It will show help options:
omniprompt keys:
- n, p fetch the next or previous set of search results
- index open the result corresponding to index in browser
- f jump to the first page
- o open the current search in browser
- g keywords initiate a new Google search for ‘keywords’ with original options
- q, ^D, double Enter exit googler
- ? show omniprompt help
- * any other string initiates a new search with original options
Type:
site:github.com python
It will show 3 results from Github
.
Type:
filetype:pdf python
It will show 3 PDF results.
Hit the Enter
key twice to exit.
When you are done using the script.
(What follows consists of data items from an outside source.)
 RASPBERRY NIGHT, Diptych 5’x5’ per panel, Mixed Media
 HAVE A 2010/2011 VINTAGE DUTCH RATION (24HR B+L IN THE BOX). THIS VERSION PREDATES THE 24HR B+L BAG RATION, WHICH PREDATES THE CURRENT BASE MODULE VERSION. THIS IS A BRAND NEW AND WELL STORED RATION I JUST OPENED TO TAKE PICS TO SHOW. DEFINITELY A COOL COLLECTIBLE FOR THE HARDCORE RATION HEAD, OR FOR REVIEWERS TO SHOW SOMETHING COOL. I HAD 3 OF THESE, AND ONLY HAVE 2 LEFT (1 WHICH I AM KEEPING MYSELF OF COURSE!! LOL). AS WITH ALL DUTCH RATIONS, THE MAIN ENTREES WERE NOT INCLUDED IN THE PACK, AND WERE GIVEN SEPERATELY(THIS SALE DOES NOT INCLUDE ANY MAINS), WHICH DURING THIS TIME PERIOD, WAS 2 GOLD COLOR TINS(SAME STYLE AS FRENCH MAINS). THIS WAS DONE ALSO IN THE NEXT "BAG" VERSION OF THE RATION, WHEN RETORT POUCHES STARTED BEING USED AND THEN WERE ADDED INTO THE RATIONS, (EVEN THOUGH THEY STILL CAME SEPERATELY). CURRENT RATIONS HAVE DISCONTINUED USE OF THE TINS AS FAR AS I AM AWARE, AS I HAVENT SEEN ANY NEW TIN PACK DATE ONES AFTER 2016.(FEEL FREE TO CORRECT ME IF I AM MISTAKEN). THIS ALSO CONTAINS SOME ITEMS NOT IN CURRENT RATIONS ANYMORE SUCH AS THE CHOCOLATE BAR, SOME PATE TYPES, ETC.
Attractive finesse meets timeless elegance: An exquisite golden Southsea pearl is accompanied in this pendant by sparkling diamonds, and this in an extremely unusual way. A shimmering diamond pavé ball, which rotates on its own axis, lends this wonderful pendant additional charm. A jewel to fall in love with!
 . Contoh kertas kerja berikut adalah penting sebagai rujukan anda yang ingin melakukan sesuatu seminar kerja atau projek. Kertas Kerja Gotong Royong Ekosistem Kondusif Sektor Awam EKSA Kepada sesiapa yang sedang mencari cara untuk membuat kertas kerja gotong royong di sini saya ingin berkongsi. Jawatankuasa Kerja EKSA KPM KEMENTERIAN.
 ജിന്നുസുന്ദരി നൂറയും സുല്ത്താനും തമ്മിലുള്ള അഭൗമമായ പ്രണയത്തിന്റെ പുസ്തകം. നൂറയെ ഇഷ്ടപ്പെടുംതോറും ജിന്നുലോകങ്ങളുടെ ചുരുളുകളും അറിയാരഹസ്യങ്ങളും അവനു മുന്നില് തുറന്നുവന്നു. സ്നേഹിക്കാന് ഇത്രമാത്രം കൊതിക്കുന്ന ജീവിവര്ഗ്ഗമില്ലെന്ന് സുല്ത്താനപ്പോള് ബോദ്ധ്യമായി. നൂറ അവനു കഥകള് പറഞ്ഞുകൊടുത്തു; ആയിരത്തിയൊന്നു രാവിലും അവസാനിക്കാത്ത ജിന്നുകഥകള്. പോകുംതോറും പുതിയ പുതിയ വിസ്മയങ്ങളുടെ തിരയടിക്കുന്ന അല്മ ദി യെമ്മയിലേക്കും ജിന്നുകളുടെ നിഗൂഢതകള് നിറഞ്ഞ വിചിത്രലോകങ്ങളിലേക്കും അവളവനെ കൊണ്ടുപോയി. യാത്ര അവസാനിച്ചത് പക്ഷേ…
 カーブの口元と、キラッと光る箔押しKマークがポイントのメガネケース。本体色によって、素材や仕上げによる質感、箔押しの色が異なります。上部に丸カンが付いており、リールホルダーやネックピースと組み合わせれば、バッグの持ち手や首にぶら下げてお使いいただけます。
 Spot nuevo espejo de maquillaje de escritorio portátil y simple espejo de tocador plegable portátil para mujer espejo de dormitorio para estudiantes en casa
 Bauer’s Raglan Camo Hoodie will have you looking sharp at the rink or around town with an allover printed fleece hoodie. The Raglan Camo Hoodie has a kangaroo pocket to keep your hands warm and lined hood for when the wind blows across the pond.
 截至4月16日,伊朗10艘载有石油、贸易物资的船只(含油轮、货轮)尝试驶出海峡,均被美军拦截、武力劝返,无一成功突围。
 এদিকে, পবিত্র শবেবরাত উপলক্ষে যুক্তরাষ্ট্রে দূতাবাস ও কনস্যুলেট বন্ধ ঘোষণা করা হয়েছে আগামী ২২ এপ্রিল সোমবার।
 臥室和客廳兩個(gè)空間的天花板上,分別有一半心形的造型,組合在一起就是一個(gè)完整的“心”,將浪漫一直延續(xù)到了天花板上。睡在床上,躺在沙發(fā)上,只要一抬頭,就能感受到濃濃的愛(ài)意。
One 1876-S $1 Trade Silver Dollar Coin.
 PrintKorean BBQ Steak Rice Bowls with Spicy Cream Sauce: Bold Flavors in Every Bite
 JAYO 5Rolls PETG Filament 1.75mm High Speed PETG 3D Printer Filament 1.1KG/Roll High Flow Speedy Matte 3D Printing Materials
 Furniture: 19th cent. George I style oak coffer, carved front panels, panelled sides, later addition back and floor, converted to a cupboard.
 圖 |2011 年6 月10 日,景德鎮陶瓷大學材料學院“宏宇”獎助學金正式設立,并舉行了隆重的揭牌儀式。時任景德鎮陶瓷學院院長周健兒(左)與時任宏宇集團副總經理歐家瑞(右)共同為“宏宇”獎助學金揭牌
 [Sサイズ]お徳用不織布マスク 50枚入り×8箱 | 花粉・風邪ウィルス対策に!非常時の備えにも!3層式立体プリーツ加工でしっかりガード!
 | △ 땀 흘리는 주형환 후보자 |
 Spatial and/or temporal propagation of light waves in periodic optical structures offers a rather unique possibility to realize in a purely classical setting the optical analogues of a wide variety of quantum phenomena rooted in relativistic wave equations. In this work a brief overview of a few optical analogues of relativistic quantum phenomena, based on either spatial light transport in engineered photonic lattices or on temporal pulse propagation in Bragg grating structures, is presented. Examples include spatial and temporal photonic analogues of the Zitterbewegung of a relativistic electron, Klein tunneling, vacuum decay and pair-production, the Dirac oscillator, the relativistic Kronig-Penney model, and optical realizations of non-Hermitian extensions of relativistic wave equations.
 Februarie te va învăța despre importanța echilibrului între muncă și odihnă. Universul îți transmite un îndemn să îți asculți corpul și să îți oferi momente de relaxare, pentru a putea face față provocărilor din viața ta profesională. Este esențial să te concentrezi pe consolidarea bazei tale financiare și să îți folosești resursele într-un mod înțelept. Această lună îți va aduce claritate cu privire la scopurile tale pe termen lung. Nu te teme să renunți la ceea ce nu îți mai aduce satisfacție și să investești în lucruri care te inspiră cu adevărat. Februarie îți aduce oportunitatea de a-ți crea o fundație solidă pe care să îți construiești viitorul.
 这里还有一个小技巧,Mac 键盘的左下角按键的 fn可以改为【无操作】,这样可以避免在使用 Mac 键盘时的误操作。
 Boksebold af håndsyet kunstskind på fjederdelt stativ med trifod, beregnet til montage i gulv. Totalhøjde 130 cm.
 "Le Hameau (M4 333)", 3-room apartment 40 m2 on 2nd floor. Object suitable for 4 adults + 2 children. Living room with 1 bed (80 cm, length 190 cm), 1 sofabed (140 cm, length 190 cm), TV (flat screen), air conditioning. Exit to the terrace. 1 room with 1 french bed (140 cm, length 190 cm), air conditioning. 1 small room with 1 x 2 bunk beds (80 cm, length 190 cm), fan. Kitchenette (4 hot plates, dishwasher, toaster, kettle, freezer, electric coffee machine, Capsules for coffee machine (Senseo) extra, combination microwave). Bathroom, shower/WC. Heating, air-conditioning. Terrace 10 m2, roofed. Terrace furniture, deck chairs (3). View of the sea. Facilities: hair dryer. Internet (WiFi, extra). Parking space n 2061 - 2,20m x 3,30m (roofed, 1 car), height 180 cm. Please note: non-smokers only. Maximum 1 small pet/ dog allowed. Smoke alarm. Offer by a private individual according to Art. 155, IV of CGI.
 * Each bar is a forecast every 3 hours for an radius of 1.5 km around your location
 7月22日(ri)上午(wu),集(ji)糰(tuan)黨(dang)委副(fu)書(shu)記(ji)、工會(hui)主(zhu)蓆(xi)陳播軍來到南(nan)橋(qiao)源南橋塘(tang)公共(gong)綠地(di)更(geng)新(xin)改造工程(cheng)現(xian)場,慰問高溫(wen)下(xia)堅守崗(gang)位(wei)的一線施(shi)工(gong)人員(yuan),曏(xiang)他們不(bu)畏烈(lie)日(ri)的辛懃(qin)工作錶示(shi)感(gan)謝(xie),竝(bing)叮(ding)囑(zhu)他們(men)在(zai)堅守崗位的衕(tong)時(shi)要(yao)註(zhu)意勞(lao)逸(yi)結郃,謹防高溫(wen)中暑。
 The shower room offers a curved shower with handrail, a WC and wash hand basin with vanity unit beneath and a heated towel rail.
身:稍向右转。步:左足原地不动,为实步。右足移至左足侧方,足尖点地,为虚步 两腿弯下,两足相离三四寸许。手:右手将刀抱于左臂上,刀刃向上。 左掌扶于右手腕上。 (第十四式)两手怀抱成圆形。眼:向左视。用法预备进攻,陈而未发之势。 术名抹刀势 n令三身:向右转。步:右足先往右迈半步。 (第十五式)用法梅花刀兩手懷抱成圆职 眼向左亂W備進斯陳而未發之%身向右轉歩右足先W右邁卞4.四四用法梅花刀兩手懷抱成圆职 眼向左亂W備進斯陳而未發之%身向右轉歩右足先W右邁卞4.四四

You can deactivate the virtual environment like this:
(env) $ deactivate
4. Parsero
Parsero is a Python script that reads Robots.txt and looks for disallow entries.
$ git clone https://github.com/behindthefirewalls/Parsero.git
$ cd Parsero
Create the virtual environment:
$ virtualenv -p /usr/bin/python env
To activate the environment do:
$ source env/bin/activate
Setup the script:
(env) $ sudo setup.py install
Open the help options:
(env) $ parsero -h
usage: parsero.py [-h] [-u URL] [-o] [-sb]
optional arguments:
- -h, –help show this help message and exit
- -u URL Type the URL which will be analyzed
- -o Show only the “HTTP 200” status code
- -sb Search in Bing indexed Disallows
- -f FILE Scan a list of domains from a list
Run an example:
(env) $ parsero -u google.com
When you are done using the script. You can deactivate the virtual environment like this:
(env) $ deactivate
5. The Harvester
The Harvester is a Python script used to gather data from public sources.
$ git clone https://github.com/laramies/theHarvester.git
$ cd theHarvester
Create the virtual environment:
$ virtualenv -p /usr/bin/python env
To activate the environment do:
$ source env/bin/activate
Set execute permission for the script:
(env) $ chmod +x theHarvester.py
Install dependencies:
(env) $ pip install requests
Run with:
(env) $ ./theHarvester.py
This will show the help page and how to use it.
Here is an example:
(env) $ ./theHarvester.py -d microsoft.com -l 50 -b google -f example1
This will search for data on that website. Find 50 results using google and save the results to an html file called example1.
If you open the file example1
in your browser, it looks like this:
When you are done using the script. You can deactivate the virtual environment like this:
(env) $ deactivate